▶ **Your goal**
Give back the whole listing word for word and skip each picture.

▶ **Provided data**
[Start of Attachment]

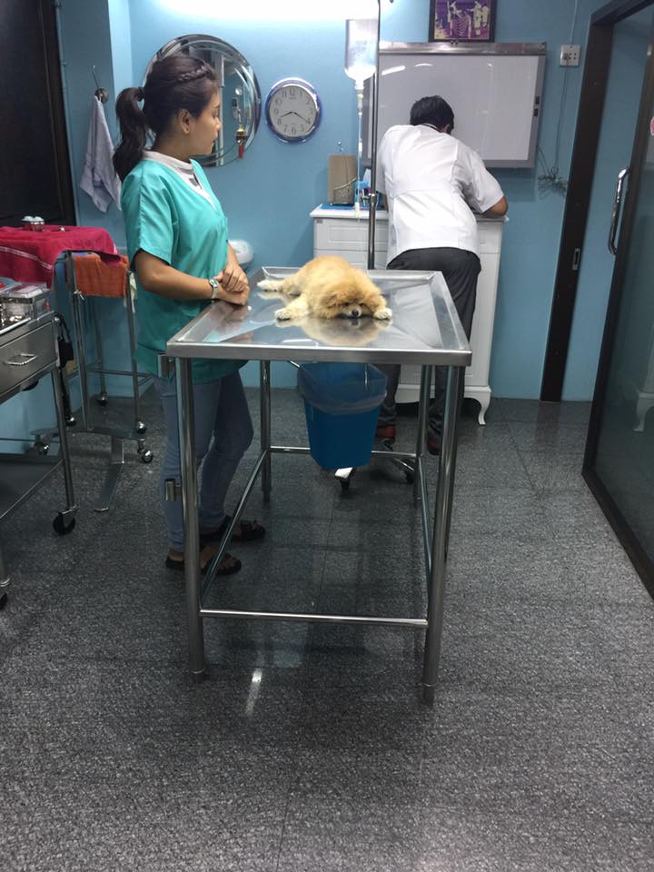พาไปหาหมอมาแล้ว หมอบอกว่าต้องตรวจเลือดถึงจะรู้ว่าเป็นอะไร แต่เบื้องต้นหมอบอกว่า หัวใจ กับ ไต ไม่ดีเหมือนระบบภายในจะล้มเหลว หมอให้น้ำเกลือ ฉีดยา ให้ยาปฎิชีวนะ แล้วก็ยาเคลือบกระเพราะมากินก่อน แล้วก็ให้ป้อนน้ำหวาน กับน้ำ บ่อยๆ
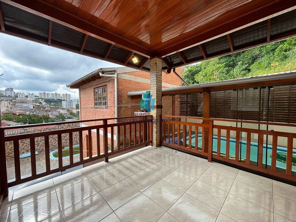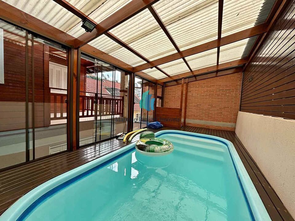 Nos fundos do terreno, o imóvel oferece um espaço de lazer completo, com piscina fechada e aquecimento por placas solares e mais um banheiro auxiliar.
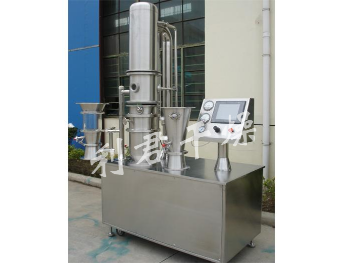 FBL旋流流化床制粒包衣機是將流化床做成葉片式結構的流化床,并使葉片呈一定斜度,讓氣流從葉片的間隙通過,形成環(huán)流狀的強大氣流,使物料呈旋渦狀似的有序運動,同時安裝在側壁的氣動噴嘴將粘合劑或包衣液噴入呈旋渦狀的物料層,從而將粉體制成顆粒或獲得連續(xù)均勻的衣膜。
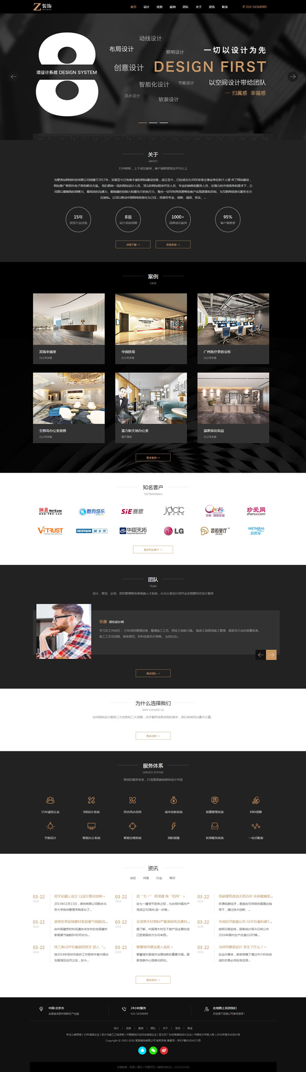 PbootCMS内核开发的HTML5黑色炫酷建筑装饰公司自适应模板,该模板适用于工程设计、装修设计、装饰公司类等企业; 响应式后台,数据即时同步,简单适用!附带

[End of Attachment]

▶ **Expected answer**
พาไปหาหมอมาแล้ว หมอบอกว่าต้องตรวจเลือดถึงจะรู้ว่าเป็นอะไร แต่เบื้องต้นหมอบอกว่า หัวใจ กับ ไต ไม่ดีเหมือนระบบภายในจะล้มเหลว หมอให้น้ำเกลือ ฉีดยา ให้ยาปฎิชีวนะ แล้วก็ยาเคลือบกระเพราะมากินก่อน แล้วก็ให้ป้อนน้ำหวาน กับน้ำ บ่อยๆ
 Nos fundos do terreno, o imóvel oferece um espaço de lazer completo, com piscina fechada e aquecimento por placas solares e mais um banheiro auxiliar.
 FBL旋流流化床制粒包衣機是將流化床做成葉片式結構的流化床,并使葉片呈一定斜度,讓氣流從葉片的間隙通過,形成環(huán)流狀的強大氣流,使物料呈旋渦狀似的有序運動,同時安裝在側壁的氣動噴嘴將粘合劑或包衣液噴入呈旋渦狀的物料層,從而將粉體制成顆粒或獲得連續(xù)均勻的衣膜。
 PbootCMS内核开发的HTML5黑色炫酷建筑装饰公司自适应模板,该模板适用于工程设计、装修设计、装饰公司类等企业; 响应式后台,数据即时同步,简单适用!附带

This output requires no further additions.